FRIEDEBURG - Zwar war Maike Behrens von Jugendparlament nur mit beratender Stimme anwesend, traf auf der Sitzung des Ausschusses für Finanzen, Wirtschaft und Tourismus am Montagabend jedoch den Nagel auf den Kopf: 'Ohne das Friedeburger Festival stirbt Friedeburg über kurz oder lang aus'.

Wenngleich die mehrtägige Veranstaltung für die Gemeinde schon seit Jahren ein Verlustgeschäft ist, so verschwendeten auch die anderen Ausschussmitglieder auf der vom Ausschussvorsitzenden Henning Weißbach (CDU) geleiteten Sitzung keinen Gedanken daran, das Festival in der Versenkung verschwinden zu lassen. Im Gegenteil, denn die einst vom Gewerbeverein ins Leben gerufene Veranstaltung stärkt nicht nur das Zusammengehörigkeitsgefühl der 13 Friedeburger Ortschaften, sondern hat, alleine schon wegen des Burgfräuleins, eine große Außenwirkung und Anziehungskraft.

'Wir sind auf einem guten Weg, dem Festival-Sonntag durch das Mitwirken der vielen Vereine und Verbände einen Widererkennungswert und Individualität zu geben. Diese sogenannten ‚Gürtelhändler’ gibt es bei uns nicht', so Bürgermeisterin Karin Emmelmann.

Diesen und anderen positiven Aspekten, die auf der Sitzung von allen politischen Seiten sehr deutlich vorgebracht wurden, steht allerdings die Abrechnung des Festivals aus 2011 entgegen. Ihr ist zu entnehmen, dass das im dritten Jahr in Folge von der Gemeinde und der Tourist-Information federführend organisierte und durchgeführte Festival in Kooperation mit den Gewerbetreibenden, Vereinen, Gruppen und Einzelpersonen dem Haushalt nach Abzug der Einnahmen mit 7619,50 Euro zur Last gefallen ist.
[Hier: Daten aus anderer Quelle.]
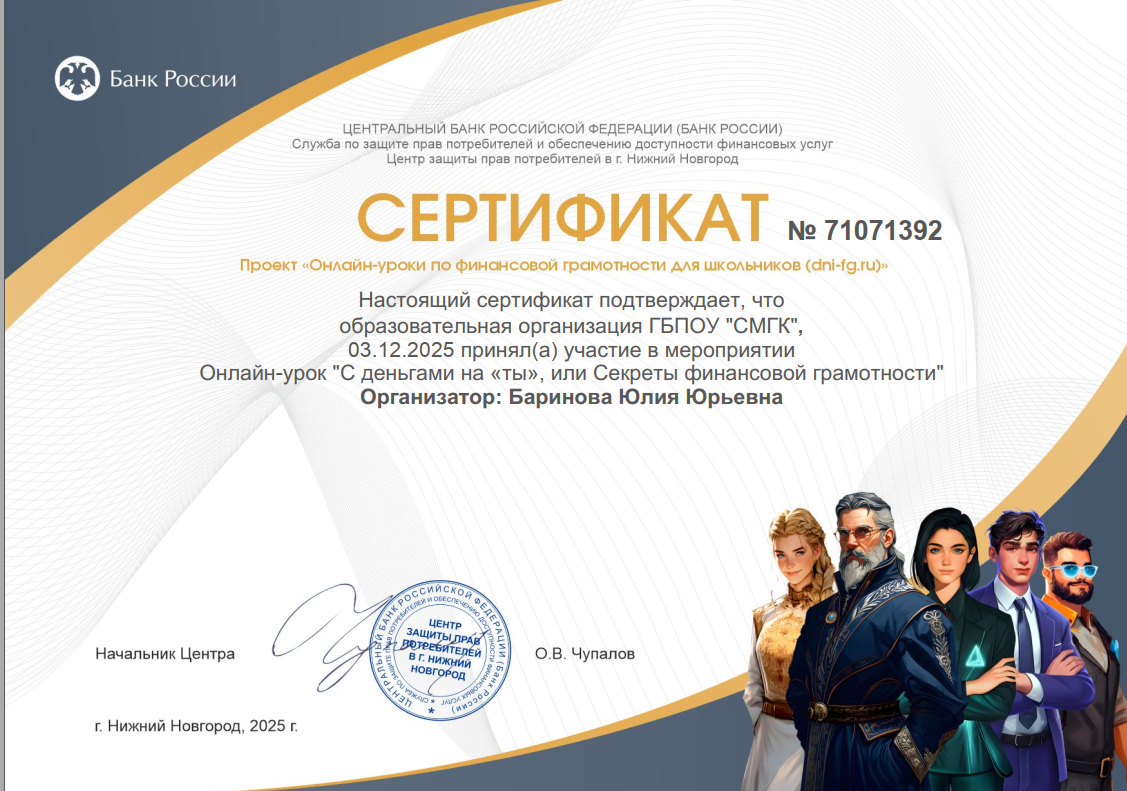 В декабре 2025 года в колледже проходят мероприятия по повышению финансовой грамотности в рамках проекта Центрального Банка Российской Федерации.

Zur Kostenreduzierung wird nun geprüft, ob einzelne Positionen künftig eingespart oder weitere Einnahmequellen durch die Beteiligung der Gewerbetreibenden erschlossen werden können. So sollen beispielsweise die Standgebühren für gewerbliche Stände angehoben werden. Eine finanzielle Beteiligung durch die örtlichen Vereine und Gruppen soll allerdings auch weiterhin auf ein Minimum reduziert werden. Darüber hinaus finden momentan Gespräche mit einem eventuellen Sponsor statt.

Am Ende sprachen sich die Ausschussmitglieder dafür aus, dass das Festival auch in diesem Jahr von der Gemeinde organisiert und durchgeführt wird. Abschließend muss darüber nun der Rat entscheiden.